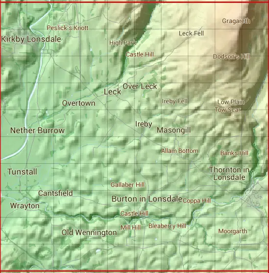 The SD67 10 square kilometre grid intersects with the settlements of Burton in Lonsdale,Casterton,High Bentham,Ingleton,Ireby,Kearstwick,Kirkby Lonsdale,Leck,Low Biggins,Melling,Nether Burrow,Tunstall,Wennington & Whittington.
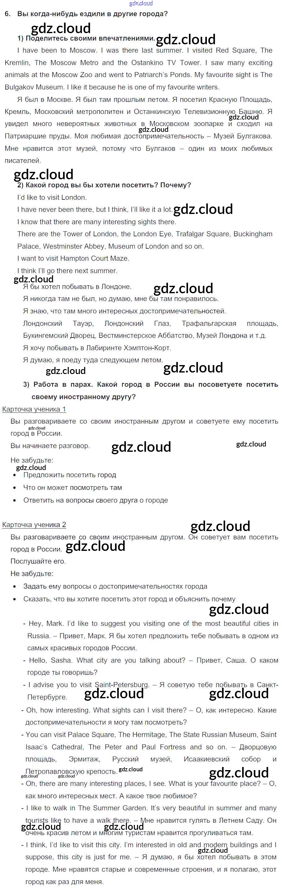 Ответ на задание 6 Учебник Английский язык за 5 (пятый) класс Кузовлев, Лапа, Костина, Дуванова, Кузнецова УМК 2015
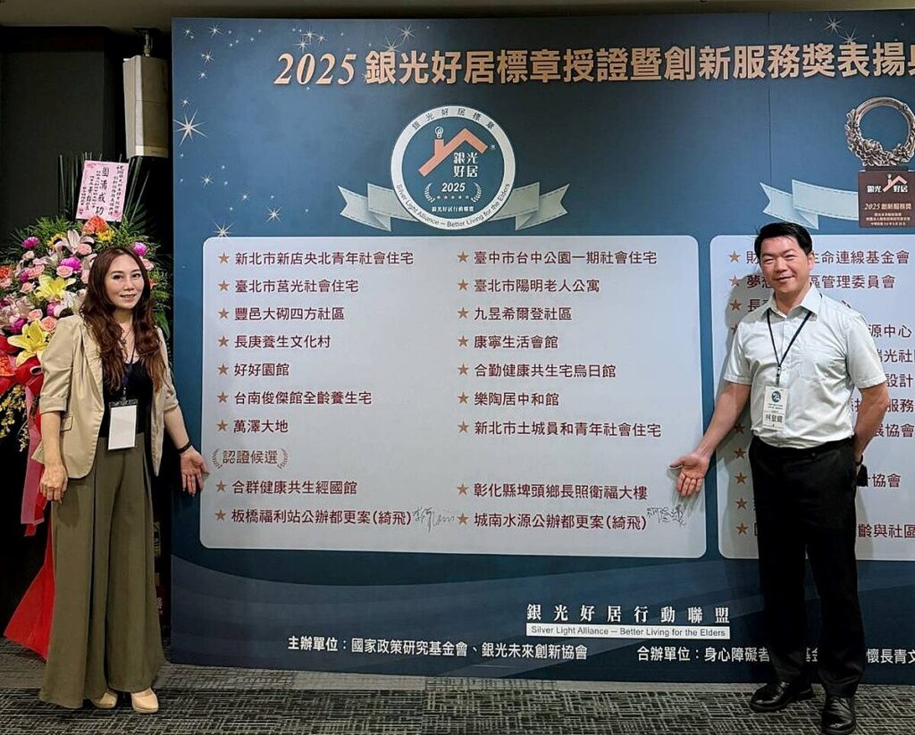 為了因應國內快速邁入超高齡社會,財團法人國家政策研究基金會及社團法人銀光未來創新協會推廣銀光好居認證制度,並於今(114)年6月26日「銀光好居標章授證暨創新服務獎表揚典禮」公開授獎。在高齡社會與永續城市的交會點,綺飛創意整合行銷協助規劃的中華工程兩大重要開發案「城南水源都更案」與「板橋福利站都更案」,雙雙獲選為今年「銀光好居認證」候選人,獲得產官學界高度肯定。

○ ○ ○ ○

What is being asked:
Send back every line above exactly, skipping all pictures.

Your response:
 The SD67 10 square kilometre grid intersects with the settlements of Burton in Lonsdale,Casterton,High Bentham,Ingleton,Ireby,Kearstwick,Kirkby Lonsdale,Leck,Low Biggins,Melling,Nether Burrow,Tunstall,Wennington & Whittington.
 Ответ на задание 6 Учебник Английский язык за 5 (пятый) класс Кузовлев, Лапа, Костина, Дуванова, Кузнецова УМК 2015
 為了因應國內快速邁入超高齡社會,財團法人國家政策研究基金會及社團法人銀光未來創新協會推廣銀光好居認證制度,並於今(114)年6月26日「銀光好居標章授證暨創新服務獎表揚典禮」公開授獎。在高齡社會與永續城市的交會點,綺飛創意整合行銷協助規劃的中華工程兩大重要開發案「城南水源都更案」與「板橋福利站都更案」,雙雙獲選為今年「銀光好居認證」候選人,獲得產官學界高度肯定。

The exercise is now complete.